If the query takes 7 minutes and cannot be made faster, you have to stop running this query real-time. Can you change your application to query a cached results table that you periodically refresh?
As an emergency stop-gap before that, you can implement a latch (in Java) that allows only one thread at a time to execute this query. A second thread would immediately fail with an error (instead of bringing the whole system down). That is probably not making users of this query happy, but at least it protects everyone else.
I updated the query, could you give me some advices ?
Those string manipulations make indexing pretty much impossible. Are you sure you cannot at least get rid of the "trim"? Is there really redundant whitespace in the actual data? If so, you could narrow down on just a single student_id, which should speed things up a lot.

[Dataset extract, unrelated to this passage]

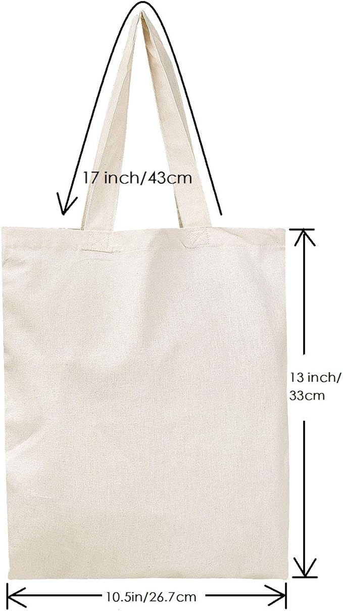 Quality Materials: these tote bags are made of canvas material with exquisite craftsmanship and solid stitches, making them safe and odorless, reliable and reusable, and not easy to tear, deform or break, allowing you to use them for a long time. The length of the handles is approx. 8.5 inches, making it easy to carry by hand or over the shoulder

You want a composite index on (student_id, log_date), and hopefully the complex log_date condition can still be resolved using a index range scan (for a given student id).
Without any further information about what kind of query you are executing and wheter you are using indexes or not it is hard to give any specific information.
But here are a few general tips.
Make sure you use indexes on the columns you often filter/order by.
If it is only a certain query that is way too slow, than perhaps you can prevent yourself from executing that query by automatically generating the results while the database changes. For example, instead of a count() you can usually keep a count stored somewhere.
Try to remove the trim() from the query by automatically calling trim() on your data before/while inserting it into the table. That way you can simply use an index to find the StudentID.
Also, the date filter should be possible natively in your database. Without knowing which database it might be more difficult, but something like this should probably work: LogDate BETWEEN '2009-02-02' AND '2009-02-02'
If you also add an index on all of these columns together (i.e. StudentID, LogDate, TerminalType, RecStatus and EmployeeID than it should be lightning fast.
Without knowing what database you are using and what is your table structure, its very difficult to suggest any improvement but queries can be improved by using indexes, hints, etc.
In your query the following part
concat(concat(substr(table1.LogDate,7,10),'/'), substr(table1.LogDate,1,5)) BETWEEN '2009/02/02' AND '2009/02/02'
is too funny. BETWEEN '2009/02/02' AND '2009/02/02' ?? Man, what are yuu trying to do?
Can you post your table structure here?
And 6 million records is not a big thing anyway.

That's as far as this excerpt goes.